而莫小年和白震山,在一个和弄堂相交的路口内,等来了长胡子青年。
“兄台,你的意思应该是能收我的画吧?”长胡子青年开门见山。
“你才是兄台,这一脸大胡子,我哪敢称兄。”莫小年笑了笑,“对。那咱们谈谈价钱?一万确实有点儿高了,毕竟不是真迹。”

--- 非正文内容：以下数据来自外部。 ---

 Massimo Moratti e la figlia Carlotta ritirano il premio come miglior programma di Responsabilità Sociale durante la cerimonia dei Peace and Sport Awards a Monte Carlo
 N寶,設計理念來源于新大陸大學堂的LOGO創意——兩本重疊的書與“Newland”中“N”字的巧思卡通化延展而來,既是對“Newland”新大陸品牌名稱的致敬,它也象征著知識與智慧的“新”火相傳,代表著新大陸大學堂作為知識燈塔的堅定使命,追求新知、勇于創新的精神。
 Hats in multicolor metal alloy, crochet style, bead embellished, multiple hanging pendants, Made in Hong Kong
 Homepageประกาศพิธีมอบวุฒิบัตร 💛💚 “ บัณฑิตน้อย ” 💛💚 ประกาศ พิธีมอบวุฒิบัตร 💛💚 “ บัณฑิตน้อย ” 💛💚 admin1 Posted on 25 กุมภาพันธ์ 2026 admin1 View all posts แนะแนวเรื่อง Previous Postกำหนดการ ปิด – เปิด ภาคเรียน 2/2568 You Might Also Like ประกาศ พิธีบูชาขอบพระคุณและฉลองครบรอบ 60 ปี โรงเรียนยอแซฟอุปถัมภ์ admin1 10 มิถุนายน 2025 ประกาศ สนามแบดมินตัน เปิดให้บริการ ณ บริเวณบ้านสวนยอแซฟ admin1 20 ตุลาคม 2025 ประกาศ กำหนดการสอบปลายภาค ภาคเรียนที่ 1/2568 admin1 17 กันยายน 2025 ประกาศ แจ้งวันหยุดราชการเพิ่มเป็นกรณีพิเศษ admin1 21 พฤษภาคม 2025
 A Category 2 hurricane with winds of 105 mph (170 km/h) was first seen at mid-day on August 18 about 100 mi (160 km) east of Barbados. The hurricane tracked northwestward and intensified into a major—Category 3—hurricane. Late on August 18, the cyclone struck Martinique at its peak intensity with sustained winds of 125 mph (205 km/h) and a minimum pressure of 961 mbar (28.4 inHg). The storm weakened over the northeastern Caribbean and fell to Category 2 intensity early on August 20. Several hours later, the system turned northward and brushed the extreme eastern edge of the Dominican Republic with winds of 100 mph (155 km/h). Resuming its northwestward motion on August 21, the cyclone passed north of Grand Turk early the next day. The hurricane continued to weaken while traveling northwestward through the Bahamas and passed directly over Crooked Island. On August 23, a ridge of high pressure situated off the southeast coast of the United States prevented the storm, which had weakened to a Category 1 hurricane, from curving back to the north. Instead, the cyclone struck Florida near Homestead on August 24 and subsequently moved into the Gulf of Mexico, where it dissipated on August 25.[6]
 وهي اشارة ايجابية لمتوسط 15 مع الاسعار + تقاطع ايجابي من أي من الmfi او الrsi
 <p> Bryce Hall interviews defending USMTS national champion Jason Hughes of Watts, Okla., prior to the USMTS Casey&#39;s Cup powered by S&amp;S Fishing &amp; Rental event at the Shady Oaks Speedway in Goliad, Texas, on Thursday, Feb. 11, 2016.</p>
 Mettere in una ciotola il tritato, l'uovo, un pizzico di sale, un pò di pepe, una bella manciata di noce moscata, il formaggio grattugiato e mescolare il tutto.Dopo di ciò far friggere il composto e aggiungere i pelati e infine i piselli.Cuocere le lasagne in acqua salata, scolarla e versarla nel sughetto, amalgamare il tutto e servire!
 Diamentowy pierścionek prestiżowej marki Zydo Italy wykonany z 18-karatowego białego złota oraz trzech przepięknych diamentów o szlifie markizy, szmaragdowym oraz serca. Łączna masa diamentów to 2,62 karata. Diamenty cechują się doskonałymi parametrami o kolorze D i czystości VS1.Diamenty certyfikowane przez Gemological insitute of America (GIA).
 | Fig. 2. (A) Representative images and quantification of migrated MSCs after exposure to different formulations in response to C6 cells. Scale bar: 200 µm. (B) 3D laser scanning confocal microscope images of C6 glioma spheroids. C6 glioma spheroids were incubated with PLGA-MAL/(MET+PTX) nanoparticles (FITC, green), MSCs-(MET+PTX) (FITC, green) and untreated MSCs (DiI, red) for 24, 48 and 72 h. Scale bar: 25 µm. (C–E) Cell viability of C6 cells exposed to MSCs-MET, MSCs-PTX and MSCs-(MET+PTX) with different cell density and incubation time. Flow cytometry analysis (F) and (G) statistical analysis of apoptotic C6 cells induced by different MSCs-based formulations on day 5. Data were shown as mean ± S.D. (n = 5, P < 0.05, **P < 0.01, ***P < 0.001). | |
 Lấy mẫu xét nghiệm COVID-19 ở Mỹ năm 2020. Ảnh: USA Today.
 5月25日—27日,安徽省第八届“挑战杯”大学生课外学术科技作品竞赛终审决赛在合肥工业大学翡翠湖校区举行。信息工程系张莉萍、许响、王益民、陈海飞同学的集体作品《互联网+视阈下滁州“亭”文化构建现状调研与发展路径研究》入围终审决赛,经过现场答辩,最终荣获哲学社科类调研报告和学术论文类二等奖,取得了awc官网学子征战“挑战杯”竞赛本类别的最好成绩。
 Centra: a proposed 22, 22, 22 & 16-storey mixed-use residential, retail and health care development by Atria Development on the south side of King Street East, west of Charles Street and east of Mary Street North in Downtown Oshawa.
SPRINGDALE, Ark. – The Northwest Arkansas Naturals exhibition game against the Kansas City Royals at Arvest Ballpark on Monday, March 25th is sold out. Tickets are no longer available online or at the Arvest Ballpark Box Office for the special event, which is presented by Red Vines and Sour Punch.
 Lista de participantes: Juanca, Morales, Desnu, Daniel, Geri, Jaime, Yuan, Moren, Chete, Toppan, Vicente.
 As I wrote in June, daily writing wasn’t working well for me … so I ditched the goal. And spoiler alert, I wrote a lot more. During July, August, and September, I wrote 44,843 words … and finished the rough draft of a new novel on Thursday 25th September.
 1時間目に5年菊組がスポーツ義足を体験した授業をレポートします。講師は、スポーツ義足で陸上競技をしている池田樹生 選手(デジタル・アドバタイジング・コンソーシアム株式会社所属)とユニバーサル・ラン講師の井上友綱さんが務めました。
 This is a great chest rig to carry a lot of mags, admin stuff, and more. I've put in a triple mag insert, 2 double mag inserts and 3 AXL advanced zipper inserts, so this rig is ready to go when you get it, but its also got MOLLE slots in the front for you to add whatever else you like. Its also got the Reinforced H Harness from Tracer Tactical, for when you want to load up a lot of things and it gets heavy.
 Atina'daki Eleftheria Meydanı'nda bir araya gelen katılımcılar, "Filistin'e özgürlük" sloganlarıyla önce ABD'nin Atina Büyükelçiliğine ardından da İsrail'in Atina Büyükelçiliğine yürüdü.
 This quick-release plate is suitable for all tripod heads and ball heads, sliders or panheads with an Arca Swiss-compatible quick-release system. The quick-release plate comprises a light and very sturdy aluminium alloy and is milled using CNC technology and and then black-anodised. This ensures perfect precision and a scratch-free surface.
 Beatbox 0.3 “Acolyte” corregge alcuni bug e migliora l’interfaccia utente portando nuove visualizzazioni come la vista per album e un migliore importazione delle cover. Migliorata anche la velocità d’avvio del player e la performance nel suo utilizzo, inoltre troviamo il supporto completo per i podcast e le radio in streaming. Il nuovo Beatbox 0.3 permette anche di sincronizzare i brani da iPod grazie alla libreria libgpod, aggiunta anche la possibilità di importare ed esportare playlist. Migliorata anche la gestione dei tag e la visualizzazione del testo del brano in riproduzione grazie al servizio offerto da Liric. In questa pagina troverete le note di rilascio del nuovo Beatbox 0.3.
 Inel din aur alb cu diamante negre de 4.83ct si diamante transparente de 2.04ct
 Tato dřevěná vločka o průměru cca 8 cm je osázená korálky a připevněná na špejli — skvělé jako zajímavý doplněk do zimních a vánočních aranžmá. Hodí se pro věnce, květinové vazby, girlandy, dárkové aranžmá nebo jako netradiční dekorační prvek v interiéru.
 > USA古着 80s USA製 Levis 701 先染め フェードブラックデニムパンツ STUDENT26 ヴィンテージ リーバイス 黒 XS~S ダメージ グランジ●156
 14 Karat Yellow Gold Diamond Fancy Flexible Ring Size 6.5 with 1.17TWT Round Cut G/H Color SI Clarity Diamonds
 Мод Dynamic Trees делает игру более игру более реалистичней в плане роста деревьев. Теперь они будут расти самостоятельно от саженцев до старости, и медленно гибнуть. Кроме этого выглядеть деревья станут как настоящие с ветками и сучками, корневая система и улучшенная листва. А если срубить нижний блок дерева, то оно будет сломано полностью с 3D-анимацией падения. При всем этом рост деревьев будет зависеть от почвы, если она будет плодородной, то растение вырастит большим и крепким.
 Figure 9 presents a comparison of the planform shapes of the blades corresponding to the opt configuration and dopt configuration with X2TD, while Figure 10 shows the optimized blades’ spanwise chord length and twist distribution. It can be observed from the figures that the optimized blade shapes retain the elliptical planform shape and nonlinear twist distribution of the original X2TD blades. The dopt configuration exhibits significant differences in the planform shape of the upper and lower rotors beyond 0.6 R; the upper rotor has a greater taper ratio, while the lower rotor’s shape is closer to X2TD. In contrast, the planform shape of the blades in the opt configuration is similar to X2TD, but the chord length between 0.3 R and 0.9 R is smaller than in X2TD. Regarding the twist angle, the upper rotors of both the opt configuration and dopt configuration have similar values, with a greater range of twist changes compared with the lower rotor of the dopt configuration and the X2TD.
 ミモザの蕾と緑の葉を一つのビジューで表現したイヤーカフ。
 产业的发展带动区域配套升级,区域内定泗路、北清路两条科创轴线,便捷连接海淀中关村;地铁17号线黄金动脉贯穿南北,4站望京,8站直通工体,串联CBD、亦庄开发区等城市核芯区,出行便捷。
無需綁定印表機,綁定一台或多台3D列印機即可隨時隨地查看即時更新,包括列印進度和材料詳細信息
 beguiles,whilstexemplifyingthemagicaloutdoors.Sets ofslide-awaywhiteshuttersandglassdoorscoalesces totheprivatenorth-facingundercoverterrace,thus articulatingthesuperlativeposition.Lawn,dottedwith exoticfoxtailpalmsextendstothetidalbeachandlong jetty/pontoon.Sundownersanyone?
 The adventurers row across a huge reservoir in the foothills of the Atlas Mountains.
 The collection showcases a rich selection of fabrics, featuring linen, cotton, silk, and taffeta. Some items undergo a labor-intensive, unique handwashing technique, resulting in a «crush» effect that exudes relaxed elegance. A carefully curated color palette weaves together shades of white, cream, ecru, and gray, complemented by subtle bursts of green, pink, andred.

莫小年和丹青斋老板不同,他看得很明白,上来就点明了。
“不是真迹你收啥子收?”长胡子青年眉头皱起。
“这样吧,到了午饭时间了,我请你吃饭,咱们边吃边谈。”莫小年抬抬手,“地方你挑!”
“当真?”
“一顿饭而已,买卖不成我也请。”
“好!”长胡子青年也不拖泥带水,“咱们去上海最大的川菜馆,都益处!”
“走,你带路,远么?”
“不远,这里是五马路,咱们去三马路那边,大概一里路。”
于是三人边走边聊。
莫小年:“你是四川人么,不知怎么称呼?”
长胡子青年:“对,我是内江人,姓张,原名不提了,现在叫张爰!”
“张大千,果然是你!”
“你还听说过我?”张大千笑了笑,“确实出过家,这法号我留下了。”
“之前,何上善何先生来上海,见你了吧?我让他找你买画来着。”
“我知道了!你是京城的莫先生,对吧?”张大千应道,“何先生出价太低了,让我仿一幅董源,结果才给这个数儿。”
张大千顺势抬手比了比。
“五千?”
“五百!”张大千道,“他是我老师的旧识,但也不能这么低,这可是仿董源啊!我要五千他给不了,也不能压到一成吧?”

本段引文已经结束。